**Problem to work on**.
Send each entry back exactly as given, pictures excluded.

Saved entries:
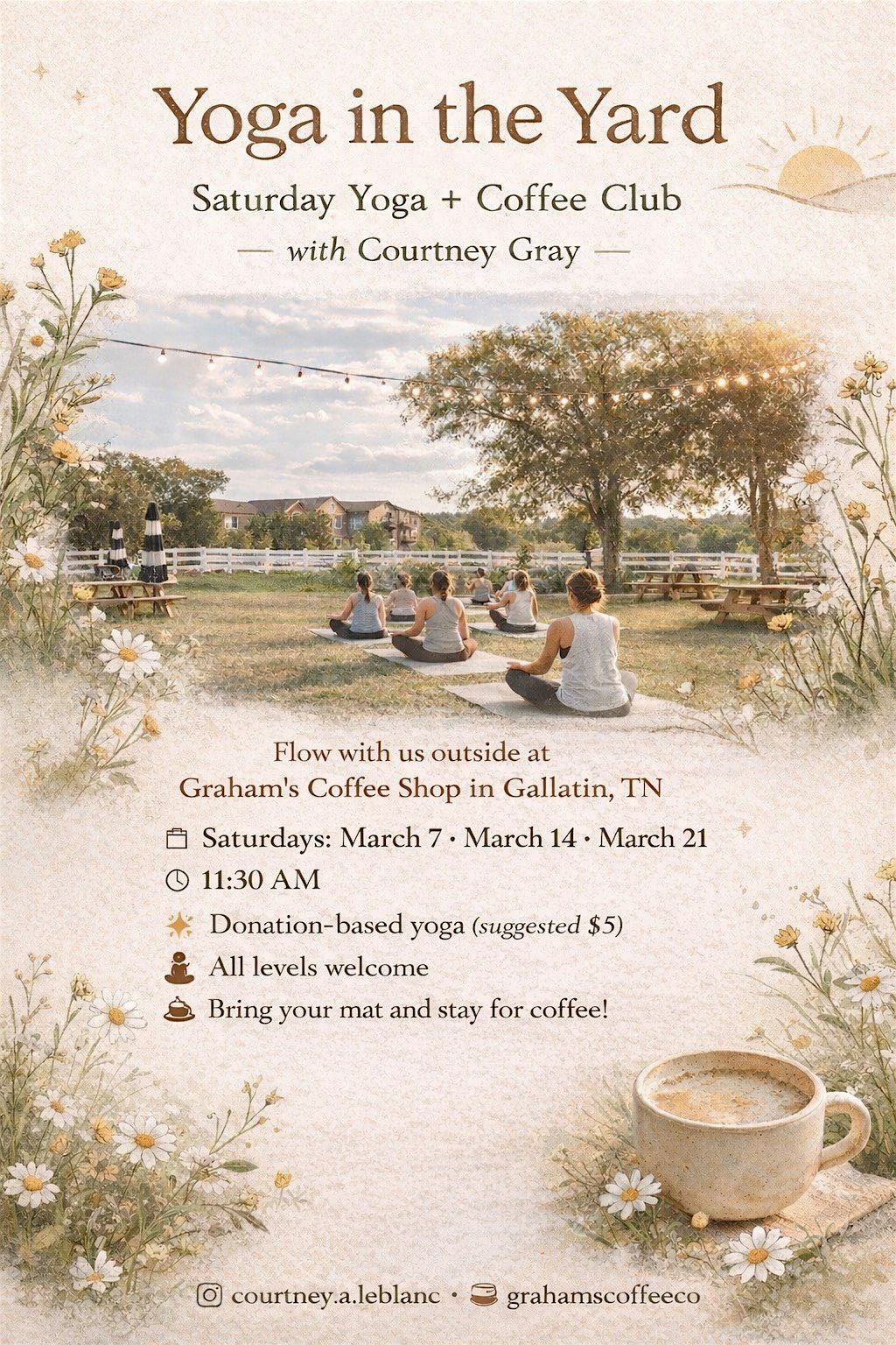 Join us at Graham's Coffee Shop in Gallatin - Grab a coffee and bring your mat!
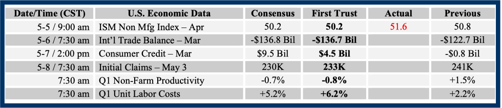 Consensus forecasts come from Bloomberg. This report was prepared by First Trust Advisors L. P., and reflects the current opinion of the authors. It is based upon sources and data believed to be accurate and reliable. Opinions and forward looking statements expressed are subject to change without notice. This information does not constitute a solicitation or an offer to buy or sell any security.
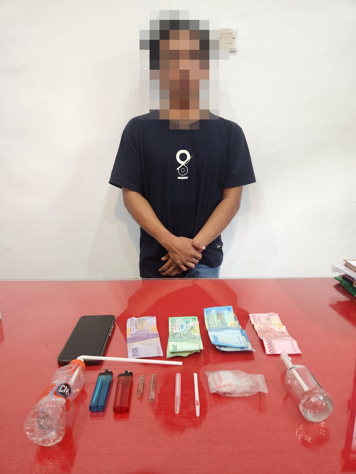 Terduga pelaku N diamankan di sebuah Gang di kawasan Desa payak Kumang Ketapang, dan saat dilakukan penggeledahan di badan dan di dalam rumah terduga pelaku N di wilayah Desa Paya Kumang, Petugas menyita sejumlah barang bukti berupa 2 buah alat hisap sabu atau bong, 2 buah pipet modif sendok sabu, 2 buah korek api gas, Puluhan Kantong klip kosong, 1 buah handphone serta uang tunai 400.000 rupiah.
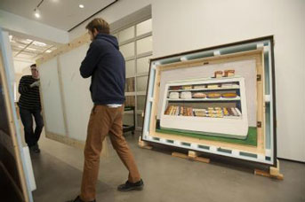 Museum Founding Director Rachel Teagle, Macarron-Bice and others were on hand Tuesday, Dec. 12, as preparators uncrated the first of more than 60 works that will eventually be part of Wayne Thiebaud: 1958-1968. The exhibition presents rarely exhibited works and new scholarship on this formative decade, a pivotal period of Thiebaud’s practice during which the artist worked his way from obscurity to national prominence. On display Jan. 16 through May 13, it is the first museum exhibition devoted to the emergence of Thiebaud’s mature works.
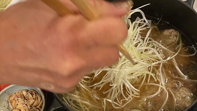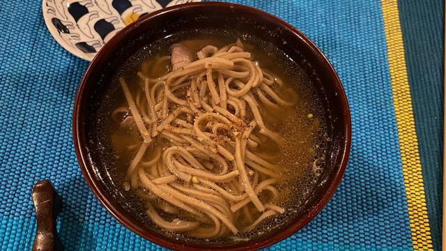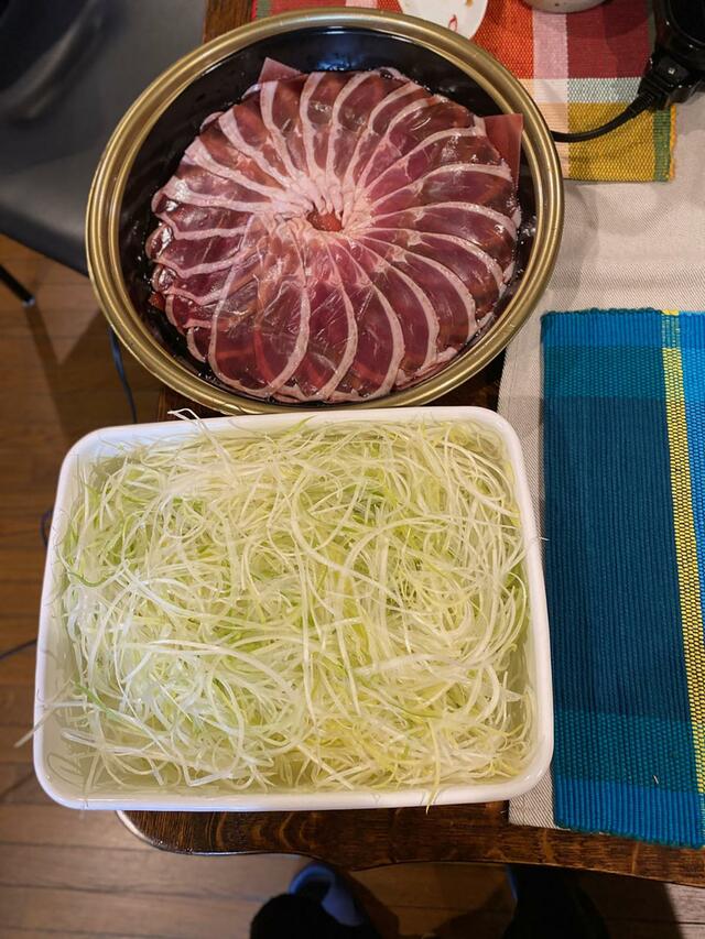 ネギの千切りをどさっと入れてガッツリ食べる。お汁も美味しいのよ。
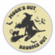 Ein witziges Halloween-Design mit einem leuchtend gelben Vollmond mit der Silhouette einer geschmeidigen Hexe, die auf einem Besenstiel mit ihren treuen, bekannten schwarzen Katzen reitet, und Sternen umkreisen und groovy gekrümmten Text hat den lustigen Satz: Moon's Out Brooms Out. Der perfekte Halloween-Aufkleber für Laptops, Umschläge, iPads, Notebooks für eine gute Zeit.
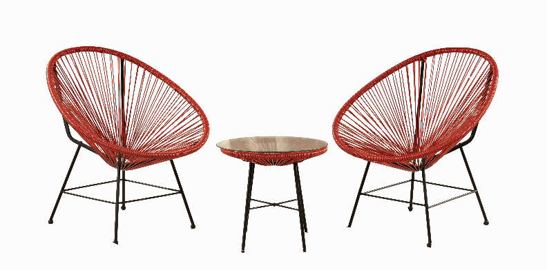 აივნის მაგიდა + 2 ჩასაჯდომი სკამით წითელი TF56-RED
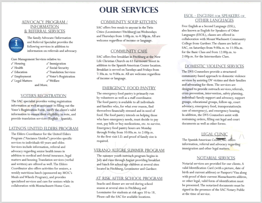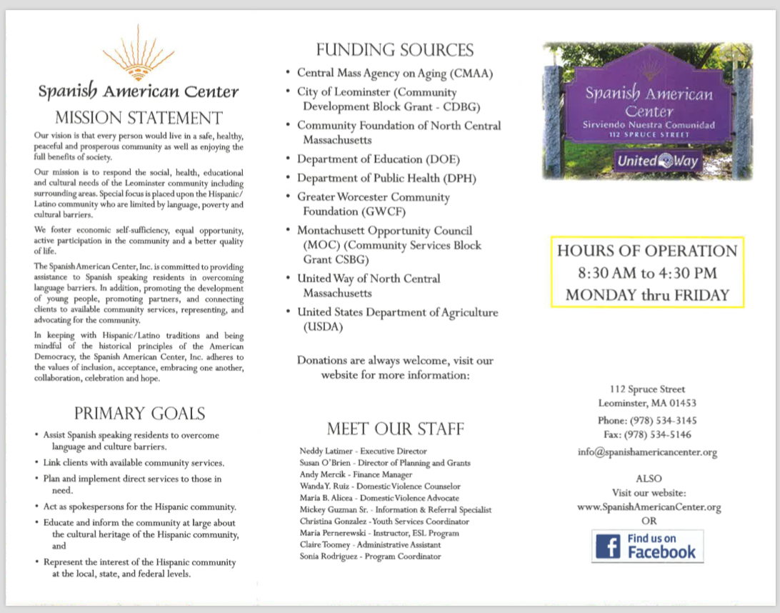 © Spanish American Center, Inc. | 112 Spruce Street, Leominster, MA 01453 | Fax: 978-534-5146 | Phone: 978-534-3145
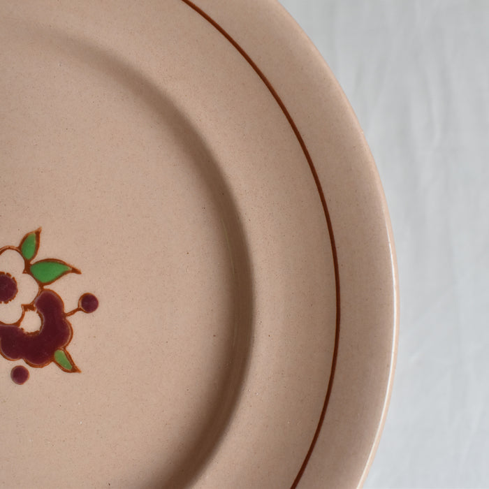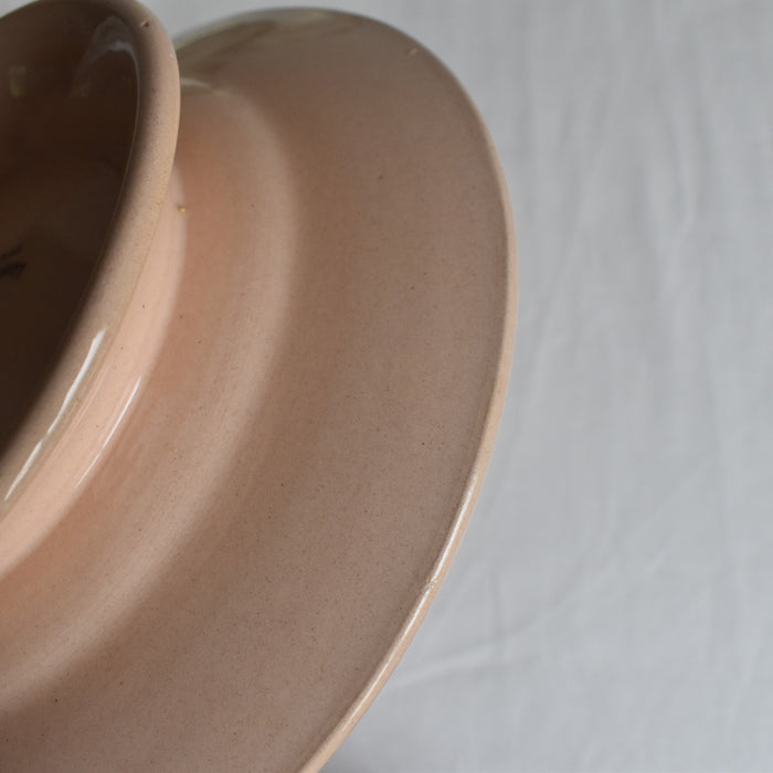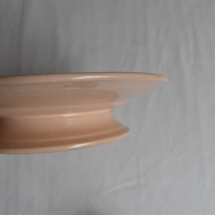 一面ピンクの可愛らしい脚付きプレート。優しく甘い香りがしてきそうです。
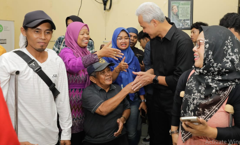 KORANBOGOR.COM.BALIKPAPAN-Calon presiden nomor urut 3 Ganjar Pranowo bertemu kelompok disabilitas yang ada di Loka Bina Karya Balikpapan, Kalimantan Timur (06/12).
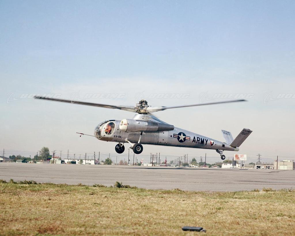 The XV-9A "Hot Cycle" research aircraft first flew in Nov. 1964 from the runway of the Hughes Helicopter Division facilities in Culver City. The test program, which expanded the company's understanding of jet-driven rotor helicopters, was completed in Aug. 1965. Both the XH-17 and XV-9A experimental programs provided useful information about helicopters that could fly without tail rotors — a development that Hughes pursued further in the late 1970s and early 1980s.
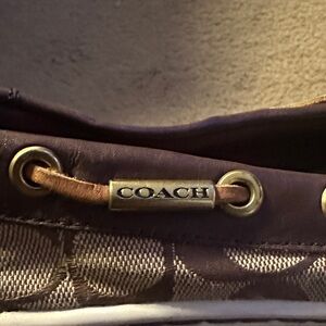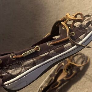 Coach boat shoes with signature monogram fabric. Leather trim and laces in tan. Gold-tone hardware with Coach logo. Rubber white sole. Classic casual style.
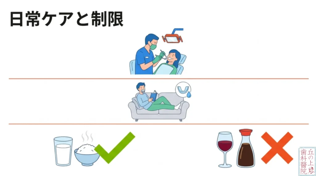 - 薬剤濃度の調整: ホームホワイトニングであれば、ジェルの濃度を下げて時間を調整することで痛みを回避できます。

**Expected output**.
 Join us at Graham's Coffee Shop in Gallatin - Grab a coffee and bring your mat!
 Consensus forecasts come from Bloomberg. This report was prepared by First Trust Advisors L. P., and reflects the current opinion of the authors. It is based upon sources and data believed to be accurate and reliable. Opinions and forward looking statements expressed are subject to change without notice. This information does not constitute a solicitation or an offer to buy or sell any security.
 Terduga pelaku N diamankan di sebuah Gang di kawasan Desa payak Kumang Ketapang, dan saat dilakukan penggeledahan di badan dan di dalam rumah terduga pelaku N di wilayah Desa Paya Kumang, Petugas menyita sejumlah barang bukti berupa 2 buah alat hisap sabu atau bong, 2 buah pipet modif sendok sabu, 2 buah korek api gas, Puluhan Kantong klip kosong, 1 buah handphone serta uang tunai 400.000 rupiah.
 Museum Founding Director Rachel Teagle, Macarron-Bice and others were on hand Tuesday, Dec. 12, as preparators uncrated the first of more than 60 works that will eventually be part of Wayne Thiebaud: 1958-1968. The exhibition presents rarely exhibited works and new scholarship on this formative decade, a pivotal period of Thiebaud’s practice during which the artist worked his way from obscurity to national prominence. On display Jan. 16 through May 13, it is the first museum exhibition devoted to the emergence of Thiebaud’s mature works.
 ネギの千切りをどさっと入れてガッツリ食べる。お汁も美味しいのよ。
 Ein witziges Halloween-Design mit einem leuchtend gelben Vollmond mit der Silhouette einer geschmeidigen Hexe, die auf einem Besenstiel mit ihren treuen, bekannten schwarzen Katzen reitet, und Sternen umkreisen und groovy gekrümmten Text hat den lustigen Satz: Moon's Out Brooms Out. Der perfekte Halloween-Aufkleber für Laptops, Umschläge, iPads, Notebooks für eine gute Zeit.
 აივნის მაგიდა + 2 ჩასაჯდომი სკამით წითელი TF56-RED
 © Spanish American Center, Inc. | 112 Spruce Street, Leominster, MA 01453 | Fax: 978-534-5146 | Phone: 978-534-3145
 一面ピンクの可愛らしい脚付きプレート。優しく甘い香りがしてきそうです。
 KORANBOGOR.COM.BALIKPAPAN-Calon presiden nomor urut 3 Ganjar Pranowo bertemu kelompok disabilitas yang ada di Loka Bina Karya Balikpapan, Kalimantan Timur (06/12).
 The XV-9A "Hot Cycle" research aircraft first flew in Nov. 1964 from the runway of the Hughes Helicopter Division facilities in Culver City. The test program, which expanded the company's understanding of jet-driven rotor helicopters, was completed in Aug. 1965. Both the XH-17 and XV-9A experimental programs provided useful information about helicopters that could fly without tail rotors — a development that Hughes pursued further in the late 1970s and early 1980s.
 Coach boat shoes with signature monogram fabric. Leather trim and laces in tan. Gold-tone hardware with Coach logo. Rubber white sole. Classic casual style.
 - 薬剤濃度の調整: ホームホワイトニングであれば、ジェルの濃度を下げて時間を調整することで痛みを回避できます。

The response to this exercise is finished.